Some of these questions, Magueijo realised, could be answered if he broke just one golden rule. It was a simple solution to the cosmological problems, but it presented him with a problem of his own. For his answer "involved something that for a trained scientist approaches madness". What Magueijo proposed was that light travelled faster in the infant universe than it does now. In doing so, he risked "career suicide" by questioning the validity of a perhaps the most fundamental rule of modern physics: that the speed of light is a constant.

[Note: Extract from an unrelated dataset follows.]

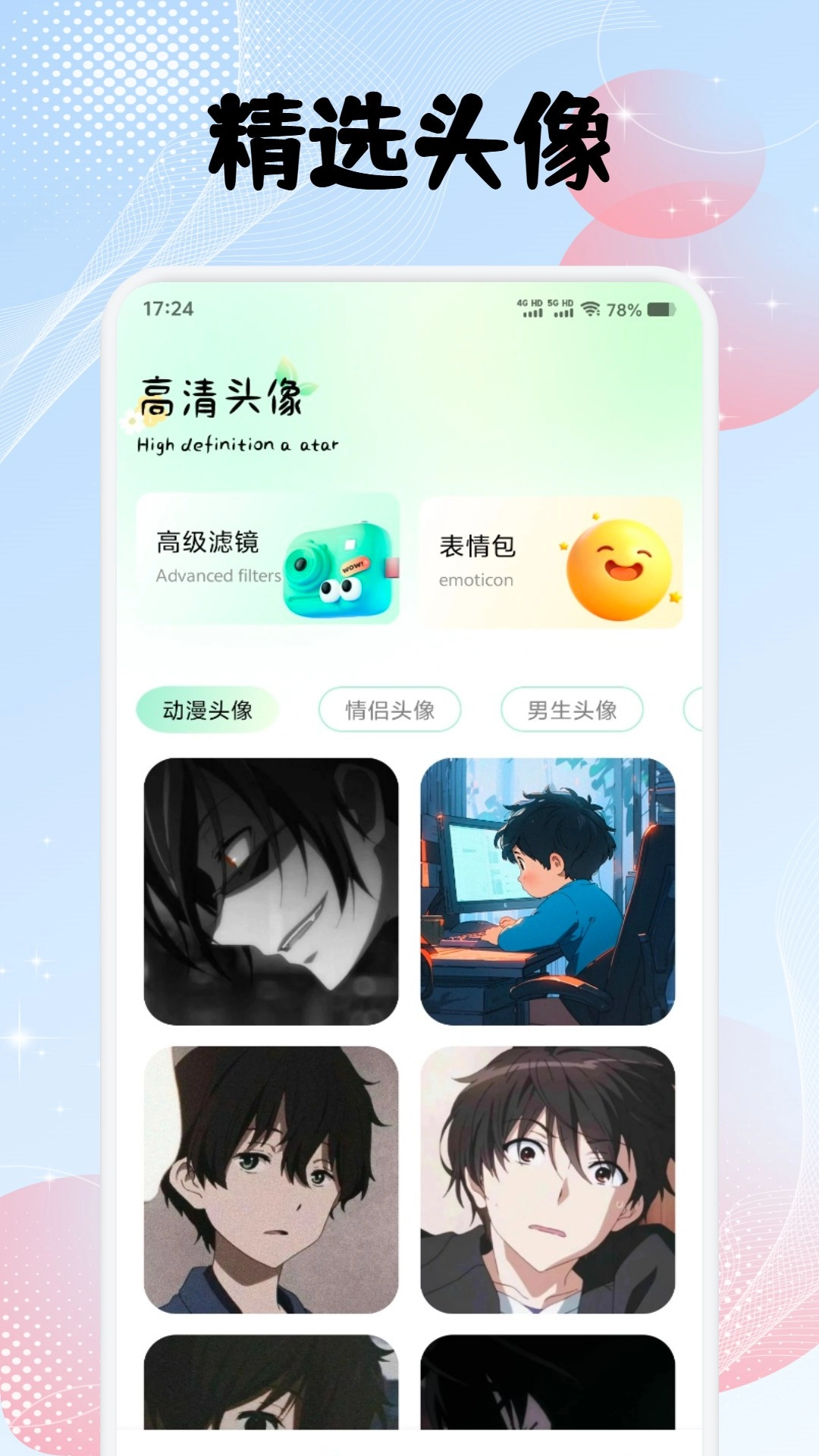 多风格头像免费,支持一键保存至相册用于社交账号。

Magueijo, a reader in theoretical physics at Imperial College, London, is no madman. But some have called him a heretic and dismissed his theory. After all the constancy of the speed of light is, as he points out, "woven into the fabric of physics, into the way that the equations are written". Frankly, the reaction of his critics is understandable, since Magueijo's proposal would entail the wholesale revision of the entire framework of 20th-century physics.
Undaunted by the hostile reactions, Magueijo continued to investigate the possible consequences of a varying speed of light (VSL) in the very early universe. Whereas others may have been intimidated, he had the courage to follow where VSL led. Disappointingly, "for a long while it led nowhere".

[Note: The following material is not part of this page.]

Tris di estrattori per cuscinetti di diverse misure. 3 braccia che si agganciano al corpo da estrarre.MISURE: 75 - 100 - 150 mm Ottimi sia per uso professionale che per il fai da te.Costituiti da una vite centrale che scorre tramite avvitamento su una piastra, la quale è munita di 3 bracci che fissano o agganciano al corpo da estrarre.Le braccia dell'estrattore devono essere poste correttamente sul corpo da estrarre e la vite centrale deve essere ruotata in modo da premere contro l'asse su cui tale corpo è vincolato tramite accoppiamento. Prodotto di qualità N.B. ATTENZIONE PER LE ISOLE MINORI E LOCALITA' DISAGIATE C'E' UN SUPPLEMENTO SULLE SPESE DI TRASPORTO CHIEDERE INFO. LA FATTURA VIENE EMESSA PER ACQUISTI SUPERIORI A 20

Once he teamed up with his first collaborator on VSL, the American cosmologist Andy Albrecht, new avenues began to open up through regular brainstorming sessions. At the end of each session, conducted behind locked doors, the blackboard calculations were wiped clean. They wanted to keep their ideas under wraps until they were ready to publish a fully fledged theory, since "publish first or perish" is a sad fact of a life for all scientists.
Magueijo provides a highly readable account of the problems besetting modern cosmology and how they appear to be resolved by VSL. Better still, he gives an honest and revealing insight into what it's like to carry out scientific research: the endless frustrations, the fear of being beaten by competitors, the ebb and flow of tension between collaborators, the numerous dead ends, the unexpected moments of inspiration, and the often tedious task of checking and rechecking calculations.
Finally, Magueijo offers a glimpse into the often fraught process of peer review that begins after a finished article is submitted to a journal for publication. He and Albrecht had to bite the bullet, more than once, through a year-long review process, before their paper was finally accepted.
Magueijo finds it difficult to conceal his contempt for the reports written by referees that are at the heart of peer review. For him they are "often empty of scientific content and reflect nothing but the authors' social standing, or their good or bad relations with the referee". In fact, so scathing was he about one well-known journal that the libel lawyers were called out and the original print run of the UK edition of his book had to be shredded.
Whatever the final verdict on VSL, where experimental results will act as the ultimate referee, Magueijo and his collaborators have developed a theory that is now being taken seriously, against all the odds. As the young Einstein once remarked: "Foolish faith in authority is the worst enemy of truth."